The story of HOPE not hate’s campaigning

The phrase HOPE not hate was first coined as a campaigning tool, in order to differentiate our more hopeful message with the hatred of the British National Party (BNP). It quickly became the name of the organisation and it continues to be an excellent way to define who we are and our campaigning. Our CEO Nick Lowles explains more.

From the very beginning, we knew we just couldn’t be ‘anti’. Many people, especially those we needed to engage with most, were put off with negative campaigning and wanted to support something more positive.

Stressing the ‘HOPE’ in our work is – and has always been – vital. Time and again we have sort to extenuate what people have in common, find positive stories and uplift inspiring voices.

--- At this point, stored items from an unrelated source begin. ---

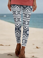 More information about Women's Pants Trousers Leggings Vintage Casual Full Length High Waist Geometric Elastic Waist Print Breathability Comfortable Stretchy Vacation Street Daily Wear Yellow Blue Summer Spring Fall
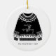 Ornamento navideño navideño con las palabras "Feliz Todo" en un suéter Navidad de aspecto festivo. Personalice el texto personalizado anterior. También puede cambiar el color de fondo. Puede encontrar elementos de coordinación adicionales en nuestra colección "A Modern Illustrated Holiday".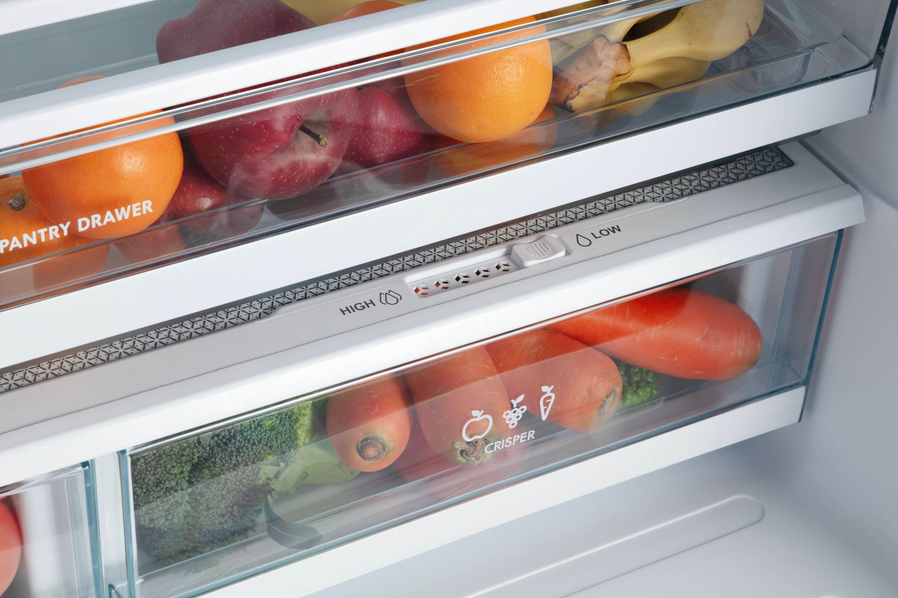 • Humidity controlled crisper drawers store fresh fruits and veggies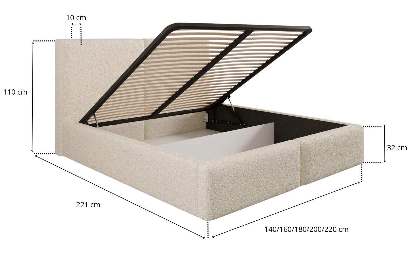 Praktyczny pojemnik na pościel z podnośnikiem gazowym w stelażu metalowym (w przypadku stelaża drewnianego podnośnik jest na sprężynach) pozwala maksymalnie wykorzystać przestrzeń i ułatwia codzienne użytkowanie. Dostępne rozmiary powierzchni spania: 120x200, 140x200, 160x200, 180x200, 200x200

Our campaigning takes place around elections, within communities and digitally online. For the first few years of our existence it was largely focused around defeating the BNP in elections. We identified and targeted anti-BNP voters with passionate pleas to turn out and vote, we identified those who could be convinced by addressing their issues of concerns and debunking the myths circulated by the far right. For those who our message is least likely to reach, we either ignored them, so as not to irritate them enough to vote, or produced harder hitting leaflets highlighting the extremist or criminal nature of the far right candidate or party.

A central premise of our approach was to localise our campaigning. We knew that every area was different and people got rightly annoyed when they believed that they were being told how to think or behave by people who did not understand them or their issues. We produced regular local newsletters, customised for the local communities we were campaigning in, worked in our target areas all year round and relied heavily on local voices to carry and amplify our messages.

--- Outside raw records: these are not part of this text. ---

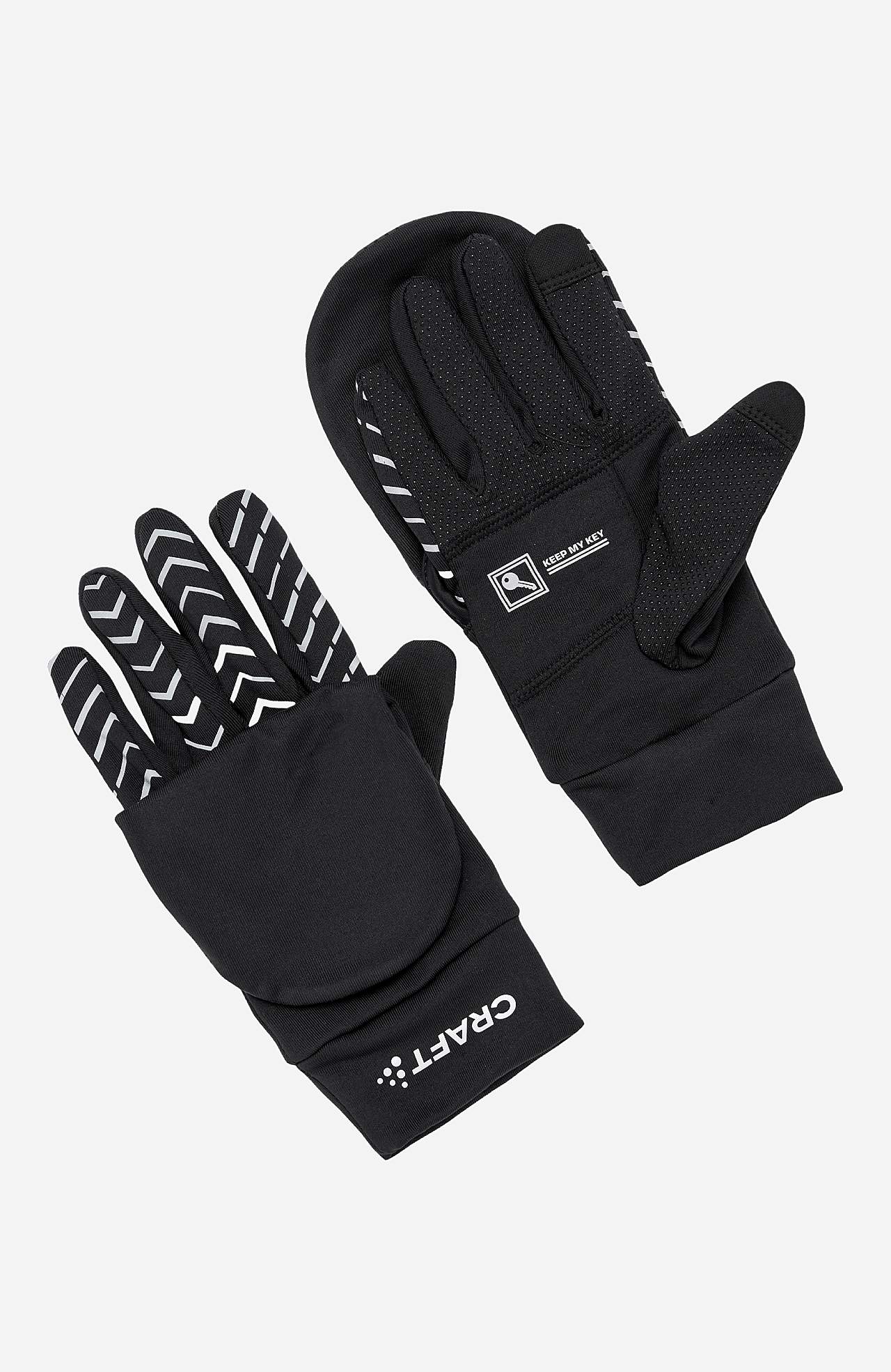 Käsineet heijastavilla yksityiskohdilla. Toiminnallinen, pehmeä trikoo. Fiksu avaintasku. 2-in-1 muotoilu käsineellä ja lisälapasella.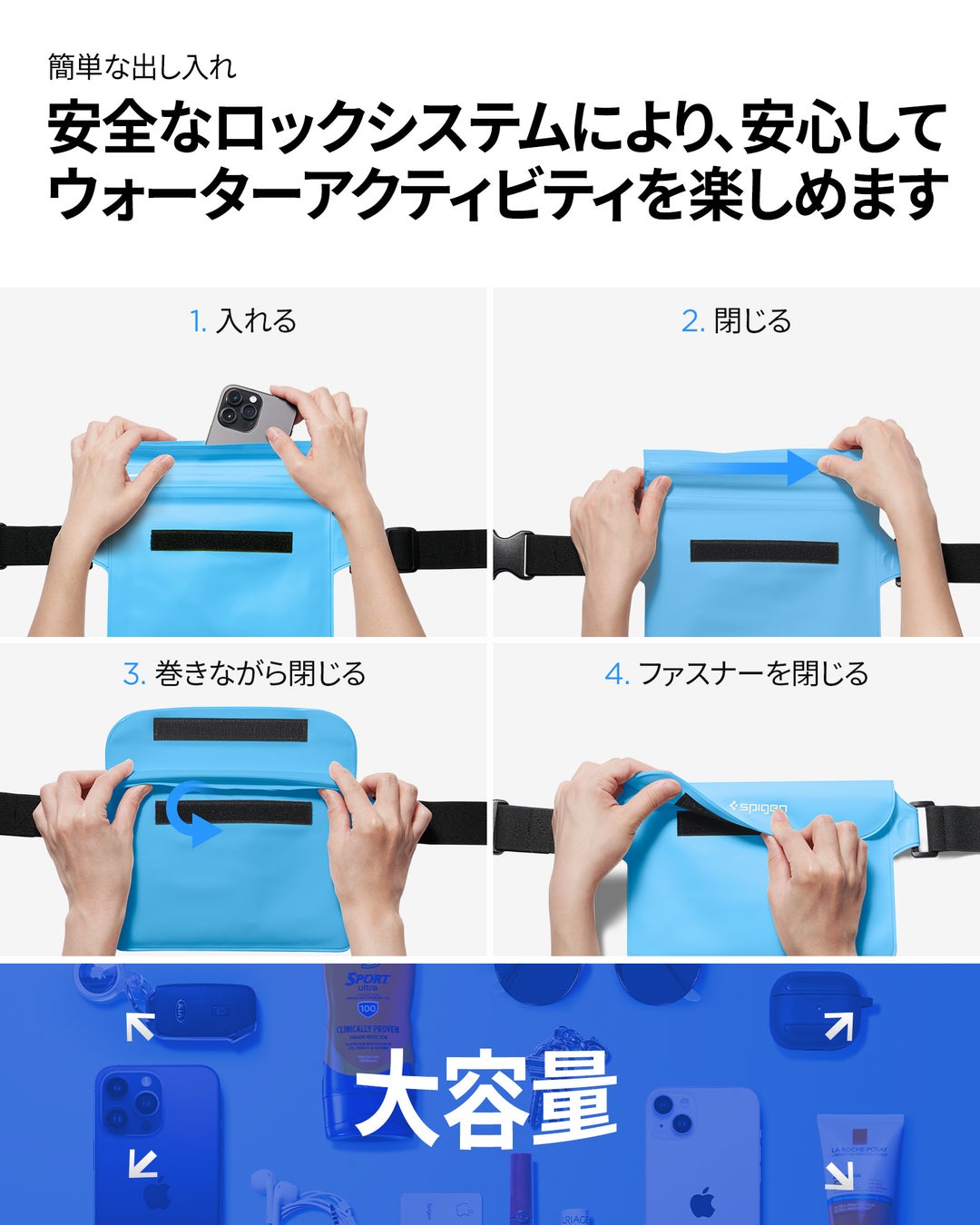 海水浴やプールでの水遊び、ハイキング、フェス、雨の日の外出にもおすすめ!夏のアクティブシーンにぴったりなSpigenの防水ポーチ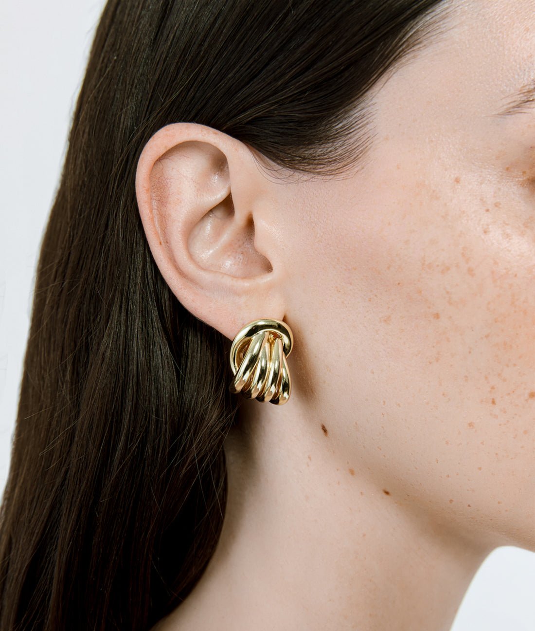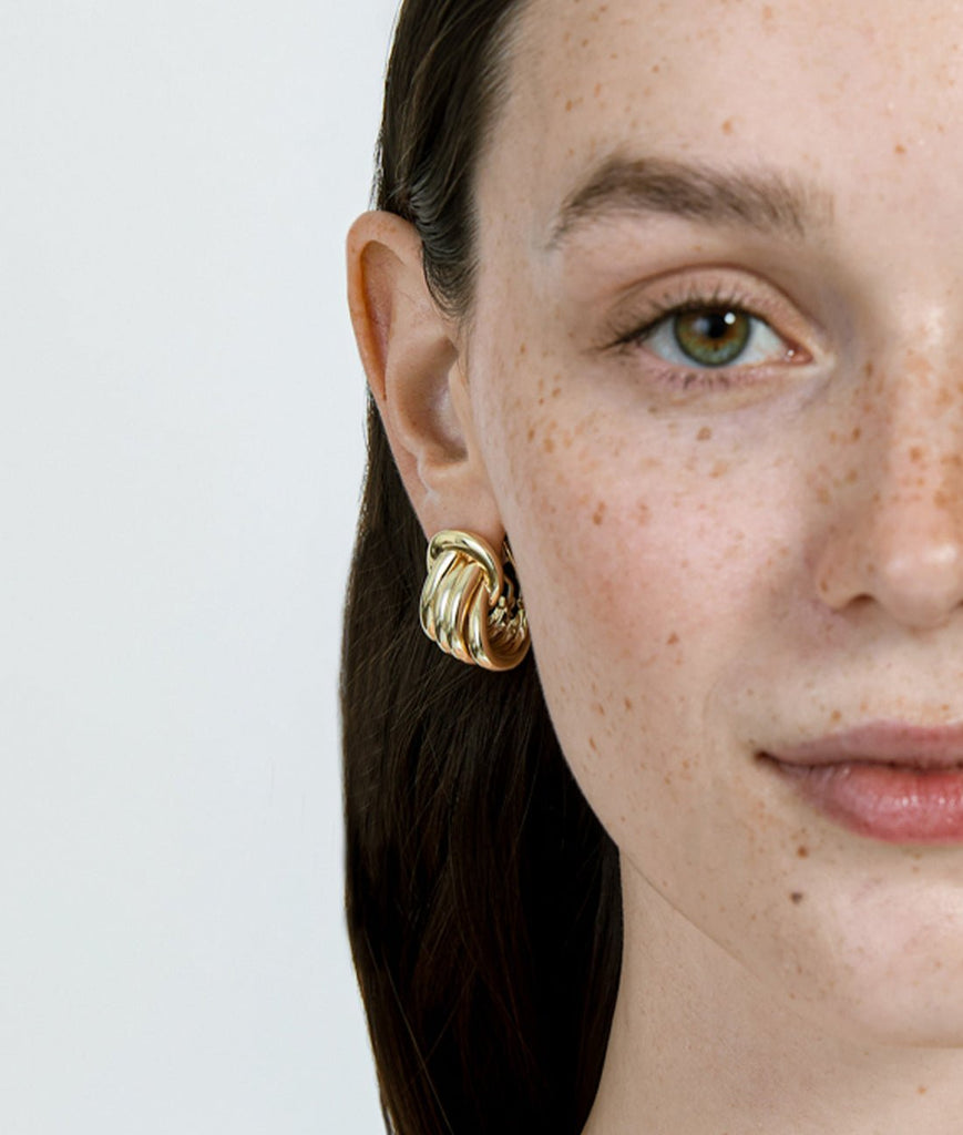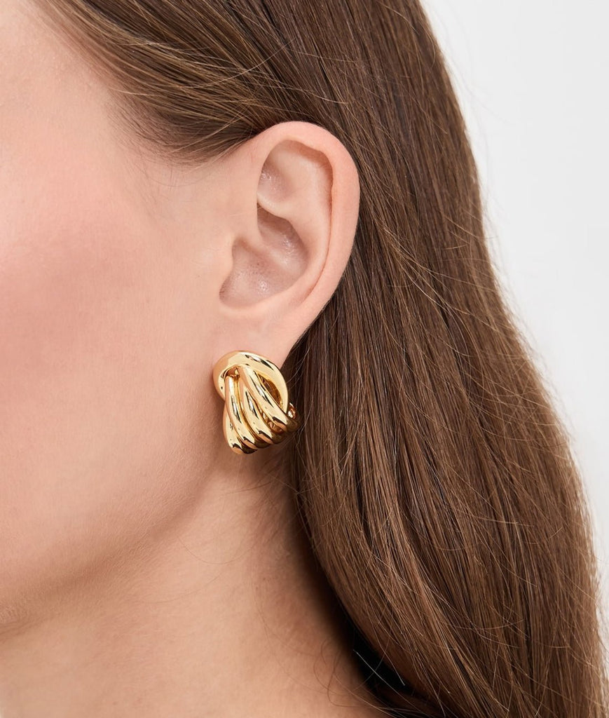 Sculptural and refined, the Roux Earrings reimagine the classic knot silhouette in a bold, polished form. Crafted in 14k gold vermeil, this multi-band design creates dimensionality and structure with a sleek post-back finish—an effortless upgrade to everyday looks or tailored dressing.

HOPE not hate is well known for its campaign to defeat the BNP in Barking and Dagenham in 2010, when, over the course of three months, we distributed 355,000 newspapers, leaflets and letters across the borough in a bid to stop the far right party from winning control of the council. The mobilising of 541 people for one day of action, who together delivered 92,000 newspapers in four hours, was the biggest single turnout of any party or campaign group in the 2010 General Election campaign. Two weeks later, another 395 people helped delivered another 55,000 leaflets. The heavy defeat of the BNP in the election led to the party imploding.

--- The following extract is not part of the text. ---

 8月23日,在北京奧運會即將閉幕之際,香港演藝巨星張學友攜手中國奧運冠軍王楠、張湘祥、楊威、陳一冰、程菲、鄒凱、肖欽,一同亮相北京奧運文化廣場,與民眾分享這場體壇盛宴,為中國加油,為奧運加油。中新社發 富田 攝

While Barking and Dagenham might have captured most attention, we worked tirelessly and over a far longer period in other areas of the country, including Burnley, Oldham, Bradford and Sandwell.

One of the key elements of our campaigning is to always treat voters – even those who are likely to be attracted to the far right – with respect. People support the far right for a whole host of reasons, so understanding this, addressing their concerns and gently introducing new concepts to them is crucial.

After the collapse of the BNP in 2010, our attention turned to challenging the threat of the English Defence League. Again, we approached this from the perspective of turning the threat posed by an EDL demonstration into an opportunity to bring communities together. We sought common ground between communities against an external threat, got people to think about what they like about where they live and addressed real or perceived divisions in a real and constructive way.

We rarely supported counter-demonstrations, believing this only heightened tensions and alienated locals, preferring instead to organise positive and peaceful cross-community initiatives before and after the day of the EDL demonstration.

One of our strengths of our campaigning work is that it draws on the knowledge, experiences and skillsets of other elements of HOPE not hate. We rely heavily on our research team to alert us to the threats and to our opponents plan, while we use our Policy team’s understanding of the drivers of fear and hate to help design our messaging.

We increasingly use sophisticated data analysis to help guide our campaigning. In the Batley and Spen parliamentary by-election, held in June 2021, we produced different leaflets for different areas of the constituency, based on the likely political and attitudinal views of voters.

We also organise online, both mobilising our supporters to take action or by highlighting and even shaming social media companies, politicians and or the media more generally. In 2011, we took on the Daily Star and secured a commitment from its editor and the Managing Director of its parent company to stop writing about, and promoting, the EDL. More recently, we have used our online campaigning to force social media companies to remove extremist content and change their policies and algorithms.

Campaigning is an agent for change and as such will remain at the heart of our work.